Open LLH-Harward opened 5 months ago
Could you provide more details/clues about why the HF version (L-640) of YOLO-World is better than the GitHub version (X-1280)? BTW, the HuggingFace demo only uses L-640
.
Thank you for your response. I apologize if I wasn't clear earlier. I meant to point out that on Hugging Face, the models with a 1280 input seem to be more effective at detecting small objects. While Roboflow Inference and Supervision does support video processing, it currently only offers basic models like v2-l, v2-x, and lacks access to other 1280 models. Could you kindly inform me if there's a method to directly use custom weights (for instance, those obtained from training) for video inference?

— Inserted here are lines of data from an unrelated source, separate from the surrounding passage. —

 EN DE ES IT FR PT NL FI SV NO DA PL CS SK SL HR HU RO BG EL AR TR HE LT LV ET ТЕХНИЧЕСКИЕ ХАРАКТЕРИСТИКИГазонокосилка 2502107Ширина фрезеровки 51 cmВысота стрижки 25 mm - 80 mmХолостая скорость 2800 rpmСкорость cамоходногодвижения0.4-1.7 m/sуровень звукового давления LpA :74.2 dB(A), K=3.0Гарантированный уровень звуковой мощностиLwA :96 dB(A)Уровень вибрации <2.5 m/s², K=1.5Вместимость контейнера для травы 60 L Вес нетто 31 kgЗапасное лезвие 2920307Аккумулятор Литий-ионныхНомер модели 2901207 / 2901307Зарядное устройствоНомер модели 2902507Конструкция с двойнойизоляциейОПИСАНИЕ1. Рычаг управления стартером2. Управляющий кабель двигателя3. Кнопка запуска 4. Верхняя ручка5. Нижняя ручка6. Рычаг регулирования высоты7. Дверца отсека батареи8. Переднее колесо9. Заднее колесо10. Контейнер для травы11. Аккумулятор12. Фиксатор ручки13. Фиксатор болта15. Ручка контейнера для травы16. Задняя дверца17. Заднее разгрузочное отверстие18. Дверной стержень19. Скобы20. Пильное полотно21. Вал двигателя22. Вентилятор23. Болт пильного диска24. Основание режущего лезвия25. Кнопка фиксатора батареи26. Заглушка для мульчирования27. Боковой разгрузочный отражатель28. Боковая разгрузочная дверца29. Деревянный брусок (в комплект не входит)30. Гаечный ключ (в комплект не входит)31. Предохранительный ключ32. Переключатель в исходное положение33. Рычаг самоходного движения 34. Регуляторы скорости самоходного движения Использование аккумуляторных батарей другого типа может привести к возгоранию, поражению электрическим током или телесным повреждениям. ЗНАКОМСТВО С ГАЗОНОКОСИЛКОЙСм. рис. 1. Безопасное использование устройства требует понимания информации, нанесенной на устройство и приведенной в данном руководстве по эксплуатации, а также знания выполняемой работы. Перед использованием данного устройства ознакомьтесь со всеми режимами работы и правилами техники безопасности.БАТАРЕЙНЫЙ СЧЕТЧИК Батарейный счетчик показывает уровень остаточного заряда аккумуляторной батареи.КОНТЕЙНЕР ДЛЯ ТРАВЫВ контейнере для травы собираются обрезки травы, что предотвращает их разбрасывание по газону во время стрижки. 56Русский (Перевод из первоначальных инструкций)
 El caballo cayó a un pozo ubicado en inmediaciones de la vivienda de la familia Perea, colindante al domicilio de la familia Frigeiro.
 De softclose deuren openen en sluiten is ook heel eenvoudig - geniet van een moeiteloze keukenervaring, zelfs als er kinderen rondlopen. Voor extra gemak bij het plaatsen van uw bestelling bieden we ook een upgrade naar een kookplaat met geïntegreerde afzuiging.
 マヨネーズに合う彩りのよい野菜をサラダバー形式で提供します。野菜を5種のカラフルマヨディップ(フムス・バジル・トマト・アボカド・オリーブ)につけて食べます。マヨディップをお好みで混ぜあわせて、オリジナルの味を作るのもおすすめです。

Sure, I saw many requests for inferencing with videos and I'll increase the priority of it. And I'll notify you if I make it, not too long.
Thank you so much.
Hi @LLH-Harward, the latest update has supported video inference. Please check demo/video_demo.py
.
Thank you so much! I'll try it later.
hello,When I used video_demo.py for inference, the following error occurred, showing that there is no "data/coco/lvis/lvis_v1_minival_inserted_image_name.json" I found the relevant content in the model's configuration file "yolo_world_v2_x_vlpan_bn_2e-3_100e_4x8gpus_obj365v1_goldg_train_1280ft_lvis_minival.py". How to solve this problem? Can you give relevant guidance? Related configuration: torch+cu118==2.1.1 torchvision+cu118==0.16.1 mmcv==2.0.0rc4 mmdet==3.0.0 mmengine==0.10.3 mmyolo==0.6.0
BUG: inputs: python video_demo.py D:\YOLO-World-master\configs\pretrain\yolo_world_v2_x_vlpan_bn_2e-3_100e_4x8gpus_obj365v1_goldg_train_1280ft_lvis_minival.py D:\YOLO-World-master\pretrained_weights\ yolo_world_v2_x_obj365v1_goldg_cc3mlite_pretrain_1280ft-14996a36.pth D:\YOLO-World-master\result.mp4 "people,laptop,book,bottle,pen,phone" --out out111
bin C:\Users\714\AppData\Roaming\Python\Python39\site-packages\bitsandbytes\libbitsandbytes_cuda118.dll
Loads checkpoint by local backend from path: D:\YOLO-World-master\pretrained_weights\yolo_world_v2_x_obj365v1_goldg_cc3mlite_pretrain_1280ft-14996a36.pth
Traceback (most recent call last):
File "D:\YOLO-World-master\demo\video_demo.py", line 109, in
New developments: After I completed the json file and its path required in the configuration file "yolo_world_v2_x_vlpan_bn_2e-3_100e_4x8gpus_obj365v1_goldg_train_1280ft_lvis_minival.py", and modified for frame in track_iter_progress(video_reader): in video_demo.py to for frame in video_reader:, the code can now run normally and produce results.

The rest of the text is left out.